Defining those Definitions

Cryptic Crosswords
Part Three

So, last time we looked at Cryptic Crosswords, we examined one of the simpler types of clue, the double definition. We learned that the key to solving them is to identify where to split the clue into its constituent definitions and then try to solve for each one.

I left you with five double-definition clues to try and fill in on our crossword 'One Small Step', today we're going to work through them so, if you haven't already read the other posts on Cryptic Crosswords please do so, as unusually I'm giving answers here for puzzles that were set in a different post - and I don't want to take away your chance to have a go at them.

1 Across. Detect smell (5)

So, this at least should have been an easy clue to find the split for, with only two words there cannot be any link-words and therefore each definition must be a single word. Always remember to try not to think of the clue as a whole, but as two separate units.

Detect Smell

It looks like we should be looking for a word for 'a smell' like 'scent' or 'aroma' but here we are actually looking for a word which means 'to smell' this is a common trick of crossword solvers. Don't forget to consider whether a word might change from a noun to a verb or adjective once it's removed from the context of the clue and taken in isolation. 

A word which means 'to detect' is 'sense', and 'to smell' something is to 'sense' it with you nose.

17 Across. North-Western meat stew

The split could fall in several places in this clue, but actually it falls in the logical place here.

North-Western Meat Stew

Now North-Western is crossword language for a few things, but its use here is in place of an actual region. Cumbria, Manchester, Liverpool are your best bets for crossword answers in the North West, the fact that is an adjective means we're looking for an adjective as the answer too. 

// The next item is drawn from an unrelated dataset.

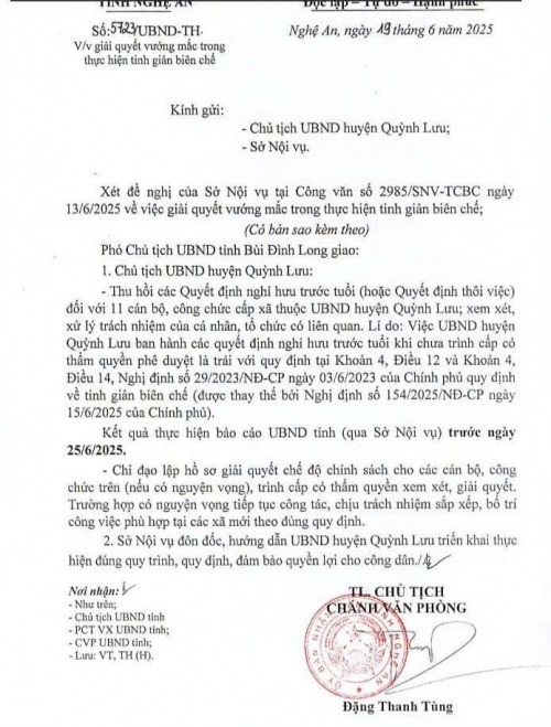Vào cuối năm 2024, trong đợt sáp nhập xã và tinh giản bộ máy, 11 cán bộ tại 8 xã của huyện Quỳnh Lưu đã làm đơn xin nghỉ hưu trước tuổi. Huyện sau đó đã ban hành quyết định cho các cán bộ này nghỉ hưu mà không báo cáo và xin ý kiến của UBND tỉnh Nghệ An. Sai sót này chỉ bị phát hiện gần đây khi tỉnh rà soát hồ sơ để giải quyết chế độ chính sách.
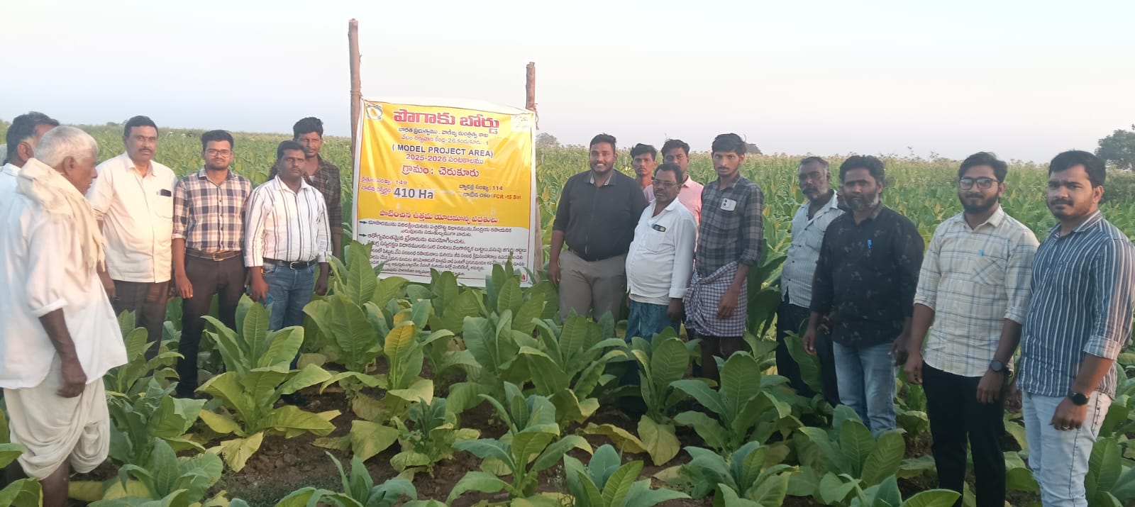 పొగాకు బోర్డు కందుకూరు -l వేలం కేంద్రం పరిధిలోని చెరుకూరు గ్రామంలో పొగాకు లో పాటించ వలసిన ఉత్తమ యాజమాన్య పద్ధతులు పై సమగ్ర సస్య రక్షణ, ఎరువులు యాజమాన్యం, ఆకు రెలుపు, క్యూరింగ్, గ్రేడింగ్ మరియు పొగాకులో అన్య పదార్థాల నిర్మూలన వంటి అంశాలపై రైతులకు , సిబ్బంది కి శిక్షణా కార్యక్రమం నిర్వహించడం జరిగింది. ఈ సందర్భంగా వేలం నిర్వహణ అధికారి వి.శివకుమార్ మాట్లాడుతూ అడుగు ఆకులు వొదిలేసి పక్వానికి వచ్చిన వాటిని మాత్రమే రెలచాలి అని అన్నారు. ఆకు అల్లిక సమయం లో టార్పాలిన్ పట్టాలు విడిగా వాడాలి అన్నారు. గ్రేడింగ్ సమయం లో బుట్టలను అందు బాటులో ఉంచుకొని అన్యపదర్దాలను అందులో వేయాలని చెప్పారు. బారన్ లో కురోమీటర్ వాడాలని దీనివలన అగ్ని ప్రమాదాలను నివారించ వచ్చని తెలిపారు ఇంకా బ్యారెన్ లో క్యురింగ్ సమయం లో తీసుకోవలసిన మెలుకువలు, జాగ్రత్తలు గురించి తెలియజేశారు. అనంతరం పొగాకు తోటలు పరిశీలించారు. ఈ కార్యక్రమం లో ఐటీసీ మేనేజర్ విజయ్ కుమార్ GPI మేనేజర్సుబ్బానాయుడు, పోలిశెట్టి కంపెనీ ప్రతినిధి శ్రీ శేఖర్ పొగాకు బోర్డు సిబ్బంది, మరియు రైతులు పాల్గొన్నారు..

Meat Stew is here as a noun and with no trickery at all, it's just a more obscure word you're looking for, especially if you're from the South. The answer you're looking for is 'Scouse' a slang term for Liverpudlian and a meat stew.

5 Down. When the boys are high the girls are low.

A great example of two key concepts in cross-wording, firstly the clue tries to tell a story to hide the fact that it is a double definition. Secondly it's about musical terminology and this is a firm favourite with cryptic crossword setters.

When the boys are high the girls are low

We have link words here too, all that we are interested in is 'boys are high' and 'girls are low' and the gender and musical connotations should lead you to singing voices. 'Alto' is the highest male, and lowest female singing voice.

12 Down. Detective won gold medal for running and jumping.

Here, once again the split should be fairly obvious even if the setter has tried to make this look like a single statement. The interesting thing here is that despite the length of the clue there are no link words.

Detective won gold medal for running and jumping.

Now all you need is a bit of transatlantic trivia to arrive at TV detective Lewis and sprinter and long-jumper Carl Lewis.

15 Down. Aid one who takes a gamble (4)

This is a devilish little clue, one that I'm rather proud of. Again there are no link words but the split is a little harder to spot.

Aid one who takes a gamble 

Once you have the split of course the clue is a little simpler except for a tiny bit of word play. The second definition should actually be split again.

Aid one who takes a gamble 

The 'A' in the clue is presented as is, it isn't clued at all. What we're looking for is a word that, when preceded with 'a' means 'aid one who takes'. 'One who takes' is a thief and to aid a thief is to 'abet' and a bet is a gamble.